We had an interesting guest speaker this past month, Marilyn Westfall’s friend Sylvia Ashby, from the UU church in Lubbock. Ms. Ashby spoke on Montaigne who was a progressive thinker during dark times of religious persecution.

There was a good UUBB turn-out for Joselyn Fenstermacher’s talk regarding life in Antarctica.  She spoke on Jan. 24 at the Front Street Books Annex to a full house of interested folks.  Joselyn has spent several seasons in Antarctica, working logistics for the scientists that are based there. Her most recent job was in waste management (a challenge in that extreme environment), and she is going back this time to work in the greenhouse at the South Pole Station. Her talk was moved up a couple of days as her departure time moved up. The presentation was enjoyable and informative.

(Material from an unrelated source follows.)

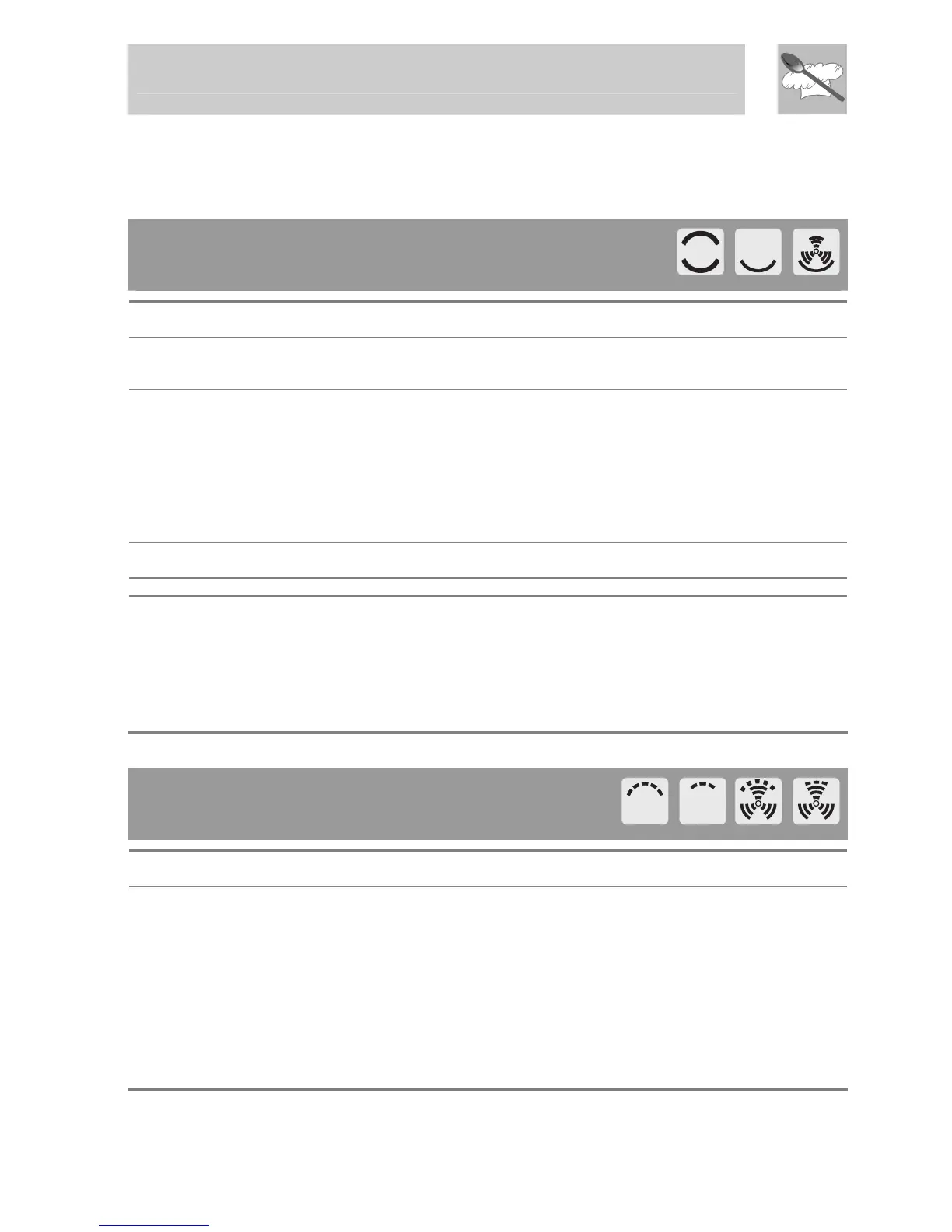 6.8 Recommended cooking table

The responsibility for writing this column has been shared by different board members.  I think this makes a better and more rounded representation of our views, as does having different folks give sermons every week. We hope you enjoy your newsletter.

See you at potluck!
Chris Muller

Next Board Meeting
February 19th 9:30 AM

CALENDAR

Sunday worship services – 11:00 AM, with coffee and conversation to follow.

Religious Education
Children’s RE classes are scheduled for the first and third Sunday.
For more info contact: Children’s RE administrator, Carolyn Ripper 432-837-5597.

Social Action Donation
UUBB 2nd quarter Social Action donation, $250.00, has been made to the Family Crisis Center of the Big Bend.

ZEN MEDITATION GROUP
Meets at Mondays at 6:00-7:30 PM. The building will be open before 6:00 pm for those who can come early to help set up. If you are new, you are welcome to attend to get an overview. A small donation for the use of the facilities is appreciated. Please call Rev. Jean O’Cuilinn (432) 364-2462, if you are coming for the first time and have questions.

OUR LEADERSHIP
We are a Lay Led Fellowship.

BOARD
President, Cynthia McAlister
Vice-President, Jill Goodwin
Secretary, Kris Jorgensen
Treasurer, Chris Muller
Board Member, D.J. Angrist
Board Member, Marc Goff
Messenger Editor, Alex Patnode

Member Submissions

UUSC JUSTICE SUNDAY Scheduled for March 25, 2012
It isn’t a matter of jumping the gun to announce that this year’s Justice Sunday highlights the Unitarian Universalist Service Committee’s WORLD WATER DAY – THE HUMAN RIGHT to WATER Program, http://www.uusc.org/justicesunday/2012.  I’ll have more information about the UUSC and Justice Sunday, 2012 throughout February and March.  For those unfamiliar with the UUSC, http://www.uusc.org/about_UUSC, please look at their web site.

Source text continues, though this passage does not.